LangChain and LangGraph: The Orchestration Layer Your LLM Apps Have Been Missing

An AI app is not a prompt. It is a system. Orchestration is the difference between a demo and a product.


This is the first article in a seven-part series called AI to Web3. Each piece introduces one layer of a technology stack, with a real use case for DeFi and blockchain builders. By the final article, every piece will converge into a proposed open-source system called Hydra — a sovereign, self-hosted multi-agent DeFi intelligence mesh.

We are starting with the foundation: LangChain and LangGraph.


Why we are writing about this

At Hyperdrift we have been watching the LLM tooling space consolidate for two years. Most frameworks were experimental. The abstraction layers leaked. The APIs changed every week. Building production AI systems on top of them felt like building on sand.

That changed in October 2025, when LangChain released version 1.0. And it changed again in March 2026, when LangGraph hit 1.1 with type-safe streaming and full Model Context Protocol (MCP) support.

The orchestration layer has stabilized. That is the signal to build.
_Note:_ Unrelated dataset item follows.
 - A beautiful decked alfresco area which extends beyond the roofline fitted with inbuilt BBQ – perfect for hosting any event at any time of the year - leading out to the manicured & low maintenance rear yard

What LangChain actually is

LangChain is a framework for building applications powered by language models. At its core it gives you:

  • Chat model abstractions that work identically across OpenAI, Anthropic, Google, Groq, local Ollama instances, and hundreds of other providers
  • Tool calling — letting models decide when and how to invoke functions, APIs, or external services
  • Memory and state — maintaining context across multi-turn conversations or multi-step pipelines
  • LCEL (LangChain Expression Language) — a composable interface for chaining components: retriever | prompt | model | parser

The 1.0 release formalized these primitives:

Standardized content blocks. Every model response now surfaces the same structure regardless of provider — reasoning traces, citations, tool calls, and raw text are all typed consistently. You stop writing provider-specific parsing code.

Middleware system. Production-grade middleware for model retries with exponential backoff, content moderation, and context-aware summarization. Wire it once, apply it everywhere.
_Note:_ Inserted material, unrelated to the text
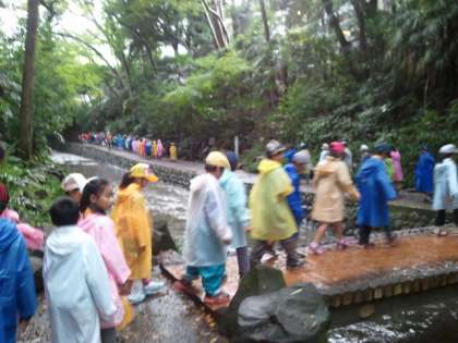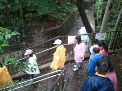 最後は等々力渓谷です。雨が降りそうなので、カッパを着てあるいました。昼間に降った雨のせいで水の量はすごいです。滑らないよう気をつけて歩きました。
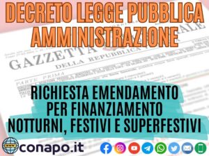 Tanto sopra premesso, con la presente il CONAPO, la più rappresentativa organizzazione sindacale del Corpo nazionale dei vigili del fuoco, chiede alle SS.LL. di adoperarsi per un apposito EMENDAMENTO mirato a incrementare la misura della retribuzione per i servizi notturni, festivi e per le particolari festività, in modo da eliminare le differenze di trattamento rispetto agli altri Corpi dello Stato.

Model profiles. A .profile attribute on chat models enables dynamic feature detection — your code can ask a model what it supports before calling it, rather than encoding capabilities as hardcoded assumptions.
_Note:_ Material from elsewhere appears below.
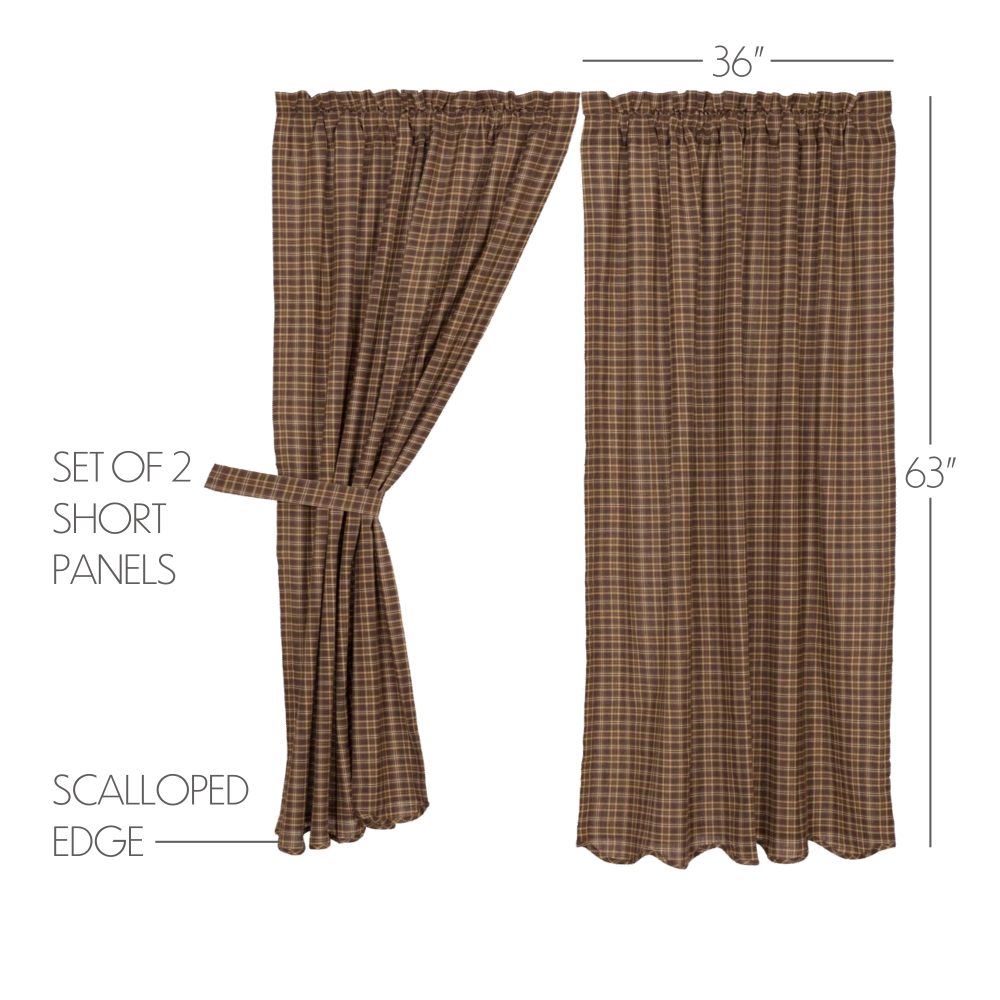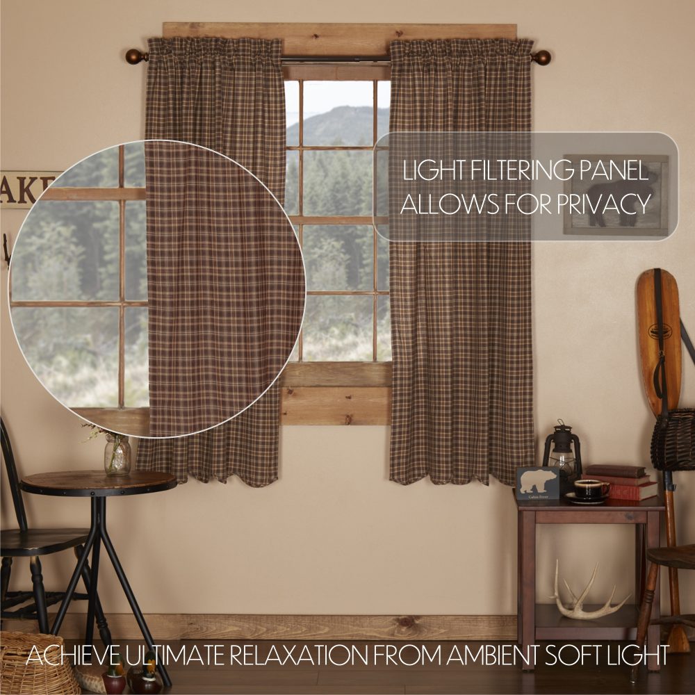 Decorate your windows with a touch of relaxed, rustic country style with this charmingly designed and thoughtfully crafted window panel set. Displaying a timeless country look with a dark, cabin-inspired traditional plaid in deep brown, creme and khaki tan with scalloped edging, the Prescott Short Panel Set 63x36 enhances your home decor with a relaxed, cozy lodge feel. This 100% cotton curtain set includes two panels with a white lining to prevent fading and provide additional privacy. It includes a rod pocket for easy hanging.

LangGraph: stateful agents as graphs

LangGraph is the part of the ecosystem that matters most for serious agent work. Version 1.1, released this month, is the reason we are writing this now.

LangGraph lets you define agents as directed graphs — nodes are functions that process state, edges are the transitions between them. The graph can be cyclic (enabling loops, retries, and self-correction) or acyclic (linear pipelines). The model is explicit: you see the full execution flow before anything runs.

What 1.1 adds that changes the production picture:

Durable execution. Agent state is checkpointed automatically. If a long-running agent fails mid-way — an API timeout, a rate limit, a crash — it can resume from the last checkpoint rather than starting over. For agents doing multi-hour research or multi-step financial analysis, this is not a nice-to-have.

Human-in-the-loop as a first-class primitive. Any node in the graph can pause execution and wait for human input before continuing. The agent proposes; the human approves or redirects; the agent resumes. This pattern is essential for any agent touching financial transactions.

Sub-graph composition. Complex multi-agent systems can be nested — a sub-graph representing a specialized agent team can be embedded inside a larger orchestration graph. This is how you build Hydra.

MCP (Model Context Protocol) support. Agents can now connect to any MCP server — a standardized protocol for giving agents access to tools, databases, and APIs. Anthropic's MCP has become the de facto standard for agent-to-tool communication.

Type-safe streaming with version="v2". Automatic Pydantic and dataclass coercion on streaming outputs. Your agents no longer return untyped blobs.


Deep Agents: async subagents and multimodal files

Alongside LangGraph 1.1, LangChain shipped Deep Agents v0.5.0 — an async subagent framework adding multimodal file support directly in the read_file tool. Agents can now natively process PDFs, audio, and video alongside text. For DeFi research agents parsing whitepapers, audit reports, and protocol documentation, this matters.


LangSmith: observability for agents in production

LangSmith is the observability layer. Every invocation of every chain and agent is logged as a structured trace — prompts, responses, token usage, latency, tool calls. In 2026, LangSmith added multimodal tracing (images, audio) and deep LangGraph integration that shows the full state machine execution alongside the LLM traces.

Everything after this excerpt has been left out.